A month later, Lin and other members of Harvard Negotiators’ training corps traveled to Mississippi for similar events. In Jackson they presented at the NAACP Black Leadership Summit for African-American elected officials, sharing skills to enhance their effectiveness as representatives and policy makers. The training was so well-received the President of the Mississippi NAACP invited them to present again in the afternoon. “It’s not every day that, as a student, you’re recognized in a room of 250 elected officials and have the President of the MS NAACP say that everyone needs to learn what we’re offering,” says Lin. Harvard Negotiators’ work in Mississippi is continuing with the design of a negotiation curriculum for the Freedom Project of Sunflower County, a nonprofit dedicated to educational excellence and youth leadership development in a state that ranks at the bottom of the country in 4th grade math and reading skills. These efforts are part of the larger “Delta Project” at HLS and across the University—including the Graduate School of Education, the School of Public Health, and the Medical School—to assist Mississippi, one of the poorest and most under-resourced states in the nation.
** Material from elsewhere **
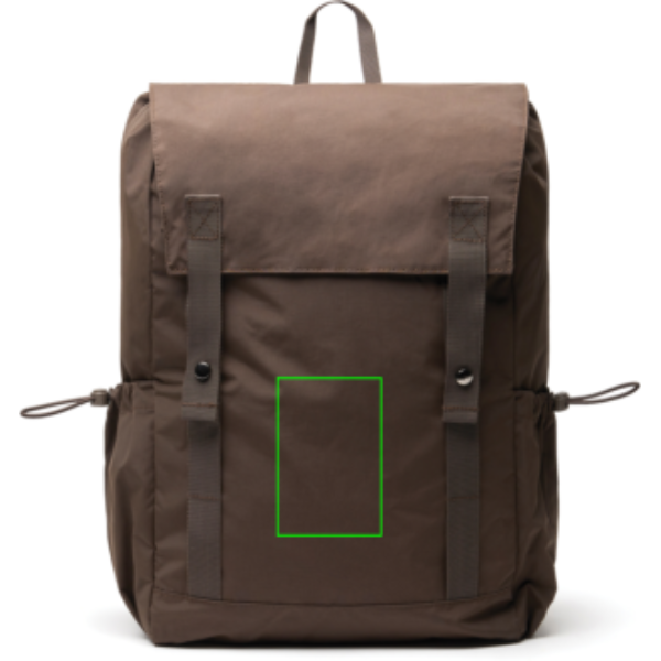 Der KENTO Everyday Backpack transportiert alles, was Sie im Laufe des Tages benötigen – er bietet viel Platz für die wichtigsten Dinge des Alltags und ist ideal für Tagesausflüge & Reisen, da er sich bei Bedarf kompakt zusammenfalten lässt. Er besteht aus RCS-zertifiziert recyceltem Nylon mit einer PU-Beschichtung und ist mit einem RCS-zertifiziert recycelten Polyester-300T-Futter ausgestattet. Er enthält 43% zertifiziert recyceltes Material und bietet somit eine verantwortungsbewusste und nachhaltige Lösung. Die Frontklappe wird mit zwei Gurtbändern und Magnetknöpfen gesichert. Darunter befindet sich eine Fronttasche mit Reißverschluss und ein geräumiges Hauptfach mit beidseitigem Kordelzugverschluss. Im Inneren ist Platz für einen 15,6" Laptop, in der Ihr Gerät geschützt und ordentlich verstaut werden kann. Ein Gurtgriff oben und verstellbare Schultergurte sorgen für bequemen Tragekomfort, während seitliche Flaschenhalter mit Kordelzugverschluss zusätzliche Praktikabilität bieten.

Students from Harvard Negotiators are also teaching people how to use negotiation skills in all aspects of their lives. The organization aims to take theory out of the classroom and empower others to become more effective in resolving conflicts wherever they arise. In reaching out beyond the Law School campus to the wider University community, the group seeks to tap into cross-disciplinary interactions and resources, helping Harvard students to be more effective both during school and after they graduate. Harvard Negotiators worked this year with the Global Health Student Forum at the School of Public Health and the Student Alliance for Global Health on a simulation workshop with students from the College and the graduate schools interested in negotiating health care policy in developing countries. In February Harvard Negotiators Training Chair Zeke Reich ’10 instructed students in constructive dialogue at the internationally attended Harvard Project for Asian and International Relations Conference. The Negotiators also offer training sessions to student leaders through the Harvard College Office of Student Life and the Leadership Development Initiative. Grant Strother ’12 and Jake Slowik ’12 developed a consulting project to provide Harvard community members one-on-one consulting on real-life negotiation problems. Adam Brown ’11 is using his interest in deal design in corporate settings to explore connections in the Law and Business School communities. These collaborations and the Delta Project are examples of how Harvard Negotiators have embraced President Faust’s emphasis on cross-disciplinary work, by recognizing that negotiation and communication skills are valuable across a range of academic disciplines and professional contexts.
“There is enrichment in the cross-disciplinary interactions.” says Lin. “We are all one university, not isolated fiefdoms, and there is plenty we can learn from one another. The more we interact and can see things from different perspectives, the more well-rounded and broad-minded we will be when we leave Harvard—more capable of working with others irrespective of our fields. Negotiation is the piece that we bring to the table.”